This is my first post about content-addressability in Nix — a long-awaited feature that is hopefully coming soon! In this post I will show you how this feature will improve the Nix infrastructure. I’ll come back in another post to explain the technical challenges of adding content-addressability to Nix.

Nix has a wonderful model for handling packages. Because each derivation is stored under (aka addressed by) a unique name, multiple versions of the same library can coexist on the same system without issues: each version of the library has a distinct name, as far as Nix is concerned.

What’s more, if openssl is upgraded in Nixpkgs, Nix knows that all the packages that depend on openssl (i.e., almost everything) must be rebuilt, if only so that they point at the name of the new openssl version. This way, a Nix installation will never feature a package built for one version of openssl, but dynamically linked against another: as a user, it means that you will never have an undefined symbol error. Hurray!

The input-addressed store

How does Nix achieve this feat? The idea is that the name of a package is derived from all of its inputs (that is, the complete list of dependencies, as well as the package description). So if you change the git tag from which openssl is fetched, the name changes, if the name of openssl changes, then the name of any package which has openssl in its dependencies changes.

However this can be very pessimistic: even changes that aren’t semantically meaningful can imply mass rebuilding and downloading. As a slightly extreme example, this merge-request on Nixpkgs makes a tiny change to the way openssl is built. It doesn’t actually change openssl, yet requires rebuilding an insane amount of packages. Because, as far as Nix is concerned, all these packages have different names, hence are different packages. In reality, though, they weren’t.

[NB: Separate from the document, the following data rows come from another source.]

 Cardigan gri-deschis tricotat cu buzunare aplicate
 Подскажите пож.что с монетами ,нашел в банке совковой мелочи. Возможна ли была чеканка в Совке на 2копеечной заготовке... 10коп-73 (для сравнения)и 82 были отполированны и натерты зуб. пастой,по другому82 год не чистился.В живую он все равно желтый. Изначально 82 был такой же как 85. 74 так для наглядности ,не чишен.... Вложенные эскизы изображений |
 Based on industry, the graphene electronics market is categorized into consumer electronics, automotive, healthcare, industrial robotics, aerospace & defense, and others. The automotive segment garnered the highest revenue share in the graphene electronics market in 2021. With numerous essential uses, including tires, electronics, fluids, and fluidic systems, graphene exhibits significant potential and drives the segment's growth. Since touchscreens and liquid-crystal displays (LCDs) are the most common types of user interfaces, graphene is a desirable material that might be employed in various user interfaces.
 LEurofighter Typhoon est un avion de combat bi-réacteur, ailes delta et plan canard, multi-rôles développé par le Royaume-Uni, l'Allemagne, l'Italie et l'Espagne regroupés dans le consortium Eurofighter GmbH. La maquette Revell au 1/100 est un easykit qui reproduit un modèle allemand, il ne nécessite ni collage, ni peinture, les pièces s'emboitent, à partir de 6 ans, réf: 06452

Nevertheless, the cost of the rebuild has to be born by the Nix infrastructure: Hydra builds all packages to populate the cache, and all the newly built packages must be stored. It costs both time, and money (in cpu power, and storage space).

Unnecessary rebuilds?

Most distributions, by default, don’t rebuild packages when their dependencies change, and have a (more-or-less automated) process to detect changes that require rebuilding reverse dependencies. For example, Debian tries to detect ABI changes automatically and Fedora has a more manual process. But Nix doesn’t.

The issue is that the notion of a “breaking change” is a very fuzzy one. Should we follow Debian and consider that only ABI changes are breaking? This criterion only applies for shared libraries, and as the Debian policy acknowledges, only for “well-behaved” programs. So if we follow this criterion, there’s still need for manual curation, which is precisely what Nix tries to avoid.

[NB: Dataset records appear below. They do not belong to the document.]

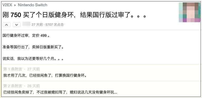 一名 V2EX 上的网友为了国行版卖掉了日版健身环
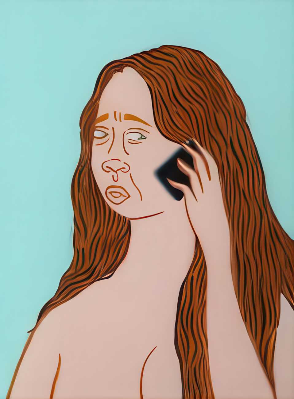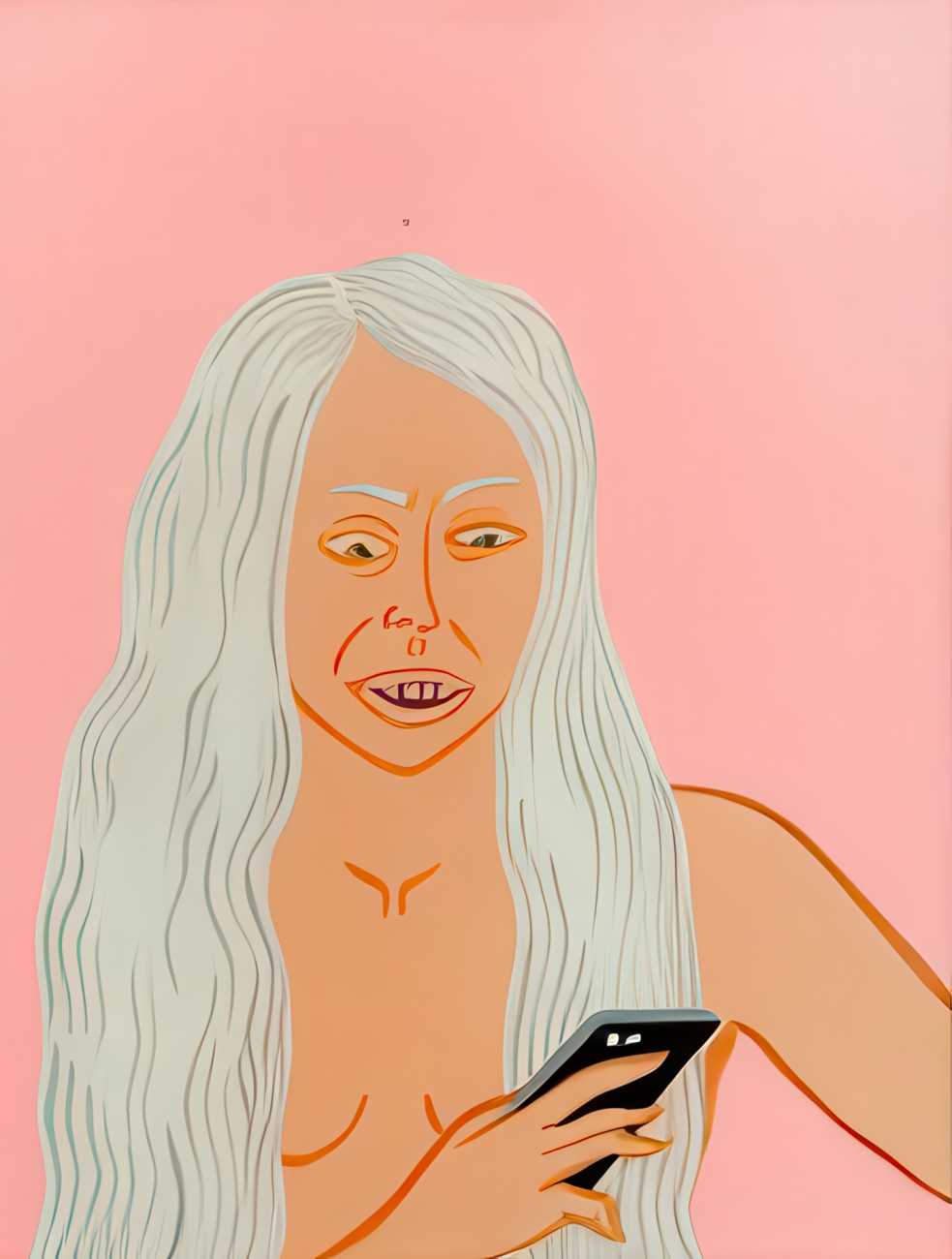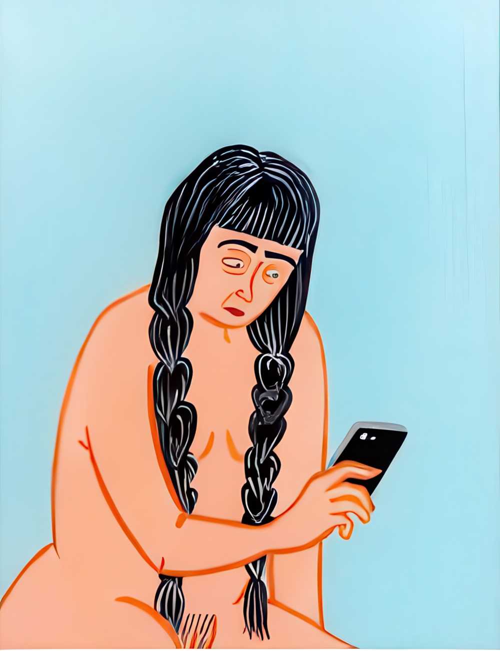 Sylvia Rehbein of the Thomas Rehbein Gallery in Köln (which presented a major exhibition of Dubois’s work in 2020) writes, ‘With a wink, Joëlle Dubois transfers the digital revolution and the resulting role of humans in our modern society into her works. She is especially interested in the voyeuristic aspect of digitalisation. Social media platforms like Instagram, Snapchat and YouTube, television programs like Big Brother, fulfil our desire to observe others anonymously in their suffering – their love life, their successes and failures. Digitalisation has made communication faster, more purposeful and interactive, but it means that less and less privacy is possible, and we present ourselves more openly and more naked to everyone else. Communication becomes increasingly superficial, impersonal and anonymous. Dubois devotes herself with passion to this complex of topics in an ironic and comical way. She depicts her protagonists in an exposed and unadorned manner, steeped in a drastic realism that often turns out distorted in the digital world. By showing hairy chubby women and men in compromising positions, she emphasises her own role as an independent and emancipated woman and artist. Dubois is a silent observer, watching the world in her own display of idiosyncratic perfectionism.’
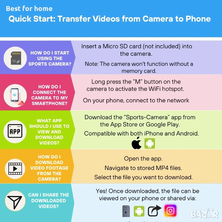 ЛЕСНО ПРЕХВЪРЛЯНЕ ЧРЕЗ WIFI С КОНТРОЛ ЧРЕЗ ПРИЛОЖЕНИЕ: Синхронизирайте записите бързо с помощта на приложението „Sports-Camera“. Тази велосипедна камера се свързва чрез WiFi за незабавен трансфер на видео, предлагайки простотата на компактна мини спортна камера, съчетана с надеждния работен процес на ежедневна екшън камера за колоездачи.
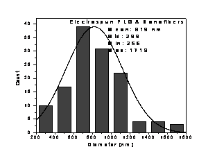 تصاویر میکروسکوپ الکترونی پویشی (SEM)، و توزیع قطری نانوالیاف الکتروریسی شده PLGA در شکل 2 نشان داده شده است. همچنین به طور واضح ملاحظه میشود که نانو الیاف بدون عیوب ساختاری (بید) تولید شده است.
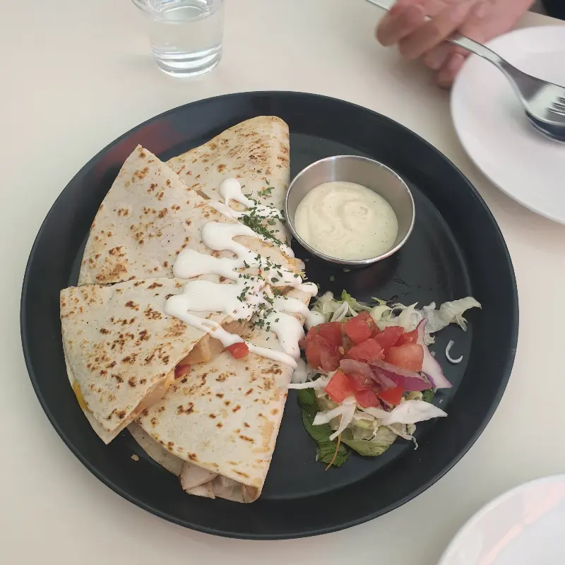 매장에서 먹는 것도 좋지만, 가끔은 집에서 편안하게 즐기고 싶을 때가 있잖아요? 마침 신랑과 함께 먹기 위해 타코, 퀘사디아, 샐러드를 포장 주문했는데, 꼼꼼한 포장 덕분에 흐트러짐 없이 매장에서 먹던 그 맛 그대로 즐길 수 있었습니다. 소스도 넉넉하게 챙겨주셔서 부족함 없이 맛있게 먹었네요. 양도 푸짐해서 둘이 먹고도 남을 정도였어요. 남은 음식은 다음 날 아침 브런치로 즐겼는데, 살짝 데워 먹으니 또 다른 매력이 있었습니다.
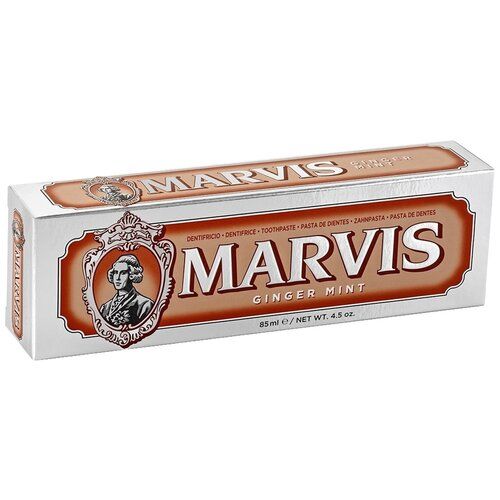 Зубная паста Marvis Ginger Mint — обладает нежной кремообразной консистенцией и отличным очищающим свойствам, а также стильному ретро-дизайну упаковки. Особая технология мелкодисперсной массы создает плотную, однородную текстуру, усиливающую неповторимые ароматы зубной пасты Marvis. Нежная консистенция и освежающий мятный вкус превращают чистку зубов в настоящее удовольствие. Чудесный свежий аромат мяты и согревающие пряные нотки имбиря, придают дыханию длительную свежесть.
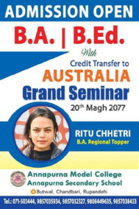 अष्ट्रेलिया क्रेडिट ट्रान्सफर हुने गरी अन्नपुर्ण मोडल कलेजमा शैक्षिक शत्र २०७७÷०७८को लागी वि.ए प्रथम वर्षमा भर्ना खुलेको कलेजले जनाएको छ ।
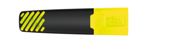 Flüssig-Textmarker mit schwarzem Schaft und transparenter Kappe in Schreibfarbe. mehr

The content-addressed model

Quite happily, there is a criterion to avoid many useless rebuilds without sacrificing correctness: detecting when changes in a package (or one of its dependencies) yields the exact same output. That might seem like an edge case, but the openssl example above (and many others) shows that there’s a practical application to it. As another example, go depends on perl for its tests, so an upgrade of perl requires rebuilding all the Go packages in Nixpkgs, although it most likely doesn’t change the output of the go derivation.

But, for Nix to recognise that a package is not a new package, the new, unchanged, openssl or go packages must have the same name as the old version. Therefore, the name of a package must not be derived from its inputs which have changed, but, instead, it should be derived from the content of the compiled package. This is called content addressing.

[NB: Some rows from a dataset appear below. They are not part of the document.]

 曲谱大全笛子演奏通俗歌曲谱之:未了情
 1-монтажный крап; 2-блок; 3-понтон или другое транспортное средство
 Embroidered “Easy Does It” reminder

Content addressing is how you can be sure that when you and a colleague at the other side of the world type git checkout 7cc16bb8cd38ff5806e40b32978ae64d54023ce0 you actually have the exact same content in your tree. Git commits are content addressed, therefore the name 7cc16bb8cd38ff5806e40b32978ae64d54023ce0 refers to that exact tree.

Yet another example of content-addressed storage is IPFS. In IPFS storage files can be stored in any number of computers, and even moved from computer to computer. The content-derived name is used as a way to give an intrinsic name to a file, regardless of where it is stored.

In fact, even the particular use case that we are discussing here - avoiding recompilation when a rebuilt dependency hasn’t changed - can be found in various build systems such as Bazel. In build systems, such recompilation avoidance is sometimes known as the early cutoff optimization − see the build systems a la carte paper for example).

So all we need to do is to move the Nix store from an input-addressed model to a content-addressed model, as used by many tools already, and we will be able to save a lot of storage space and CPU usage, by rebuilding many fewer packages. Nixpkgs contributors will see their CI time improved. It could also allow serving a binary cache over IPFS.

Well, like many things with computers, this is actually way harder than it sounds (which explains why this hasn’t already been done despite being discussed nearly 15 years ago in the original paper), but we now believe that there’s a way forward… more on that in a later post.

Conclusion

A content-addressed store for Nix would help reduce the insane load that Hydra has to sustain. While content-addressing is a common technique both in distributed systems and build systems (Nix is both!), getting to the point where it was feasible to integrate content-addressing in Nix has been a long journey.

In a future post, I’ll explain why it was so hard, and how we finally managed to propose a viable design for a content-addressed Nix.